Bikes, Baguettes and Bloomberg 

On the Next Step to Making NYC Bike-Friendly

As you may or may not have heard, the city of Paris recently launched a citywide bicycle rental program. Ten thousand bikes were made available to anyone with a credit card; one “joins” the program for a day, a week or the entire year, and then pays by the hour to use one of the bikes. With the first half hour free of charge, many bikers are able to take short jaunts (or cobble together many short jaunts into longer trips) paying only the initial membership fee.

Initially derided by Parisians as an impractical fantasy, the bike rental has become a runaway success since it began in mid July. 100,000 year-long memberships have been purchased; the average bike sees ten rides a day. By year’s end the city will have put another 10,000 bikes into circulation.

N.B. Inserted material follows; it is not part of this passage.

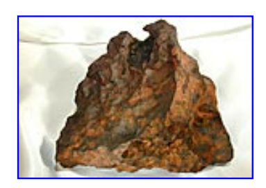
LOT NUMBER 70

Dewey County, Oklahoma, USA Fell November 25, 1943 Note: This actual stone featured on "Meteorites A to Z" poster
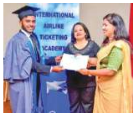
Receiving Certificate from Ticketing Academy

Most incredible is the fact that the city has paid nothing to set up the system, and will make an estimated $25-30 million from rental fees this year: a French outdoor-advertising company paid for the bikes and stations in exchange for the rights to billboard sites around town, and the rental fees all go to the city.

Our own Mayor Michael Bloomberg, visiting the City of Light and her Mayor, the Green Socialist Bertrand Delanoe, a couple of weeks ago, declared the program “fascinating.” But despite his own Transportation Commissioner Janette Sadik-Khan’s enthusiasm for a similar project here, Bloomberg doubted whether municipal bike rental could be made to work in the Big Apple. Rough roads, a lack of bike lanes, the bike helmet law and general New York City lawlessness were given as the most serious impediments. It seems to me that the revenue from rentals could go a long way to helping patch our streets, and the helmet law could be repealed: a lot of riders don’t wear helmets anyway, and the NYPD seems to hand out tickets just to be vindictive. And the best way to improve bicycle safety is actually to increase the number of bikes on the road (see Transportation Alternatives [transalt.org] for all the details — it’s pretty cool).

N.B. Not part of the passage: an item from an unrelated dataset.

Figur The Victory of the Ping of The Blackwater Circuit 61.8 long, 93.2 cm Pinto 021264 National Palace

Bloomberg has already made bike lanes a priority: they just announced the first European-style “buffered” bike lane, along a short stretch of Ninth Avenue, to open later this year. Wouldn’t a citywide bike rental be the perfect complement to more bike lanes? Wouldn’t low-cost, super-accessible bike rentals help ease non-riders into the joys of pedaling, and perhaps eventual bike ownership?

And then let’s factor in all the other benefits: reduced air pollution would mean healthier kids and adults. One million New Yorkers suffer from asthma. Bike rentals on the Parisian model could be cheaper for commuting than the MTA — as long as you could get to work in under a half hour, your only cost would be the annual membership fee (around $50). And even if it took longer, you’d be paying around a dollar. Imagine the benefits to the thousands of us who struggle to afford our Metrocards. And what about the much-lamented maxing out of MTA capacity? With the L train standing-room-only at two in the afternoon, and thousands of apartments being built all over the city, we’re about to run out of carrying capacity. You can only run so many trains, after all, and adding new train lines is fiscally and logistically problematic (umm, the Second Avenue line, anyone?).

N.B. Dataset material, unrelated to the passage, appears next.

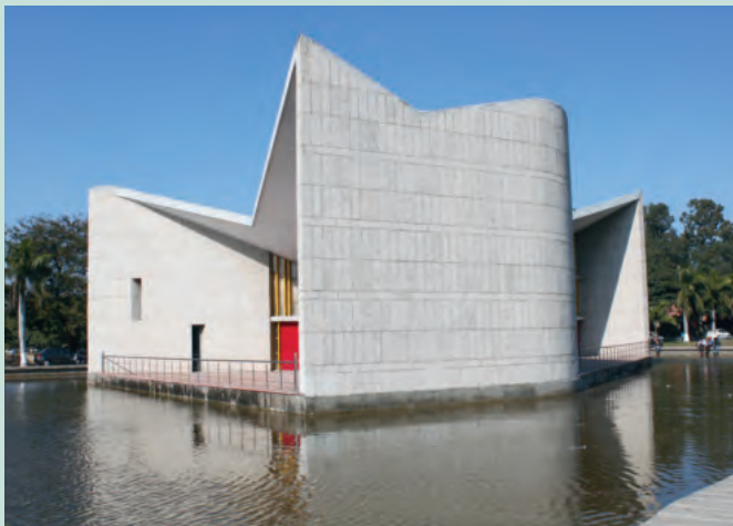
Gandhi Bhawan Panjab University Pierre Jeanneret Chandigarh, India 1961

The crowning achievement of a New York bicycle program? I would like to advance the hypothesis that lots of bikes would make for a lot of healthier, and happier, people. Biking is exercise, and most of us need more exercise. Everyone I know who’s taken up biking in the city has lost five or ten pounds — eco-blogger Colin Beavan, aka No Impact Man, reported a loss of 20 pounds from biking and eating locally. Beyond endorphins, there’s the intense joy of the ride itself — silent, pollution free, faster than walking but with plenty of time to take in the city around you — there’s nothing better.

For more information on biking in the city, go to transalt.org, and join! Contact the Mayor’s office, and your local city councilperson, and express your support for bikes.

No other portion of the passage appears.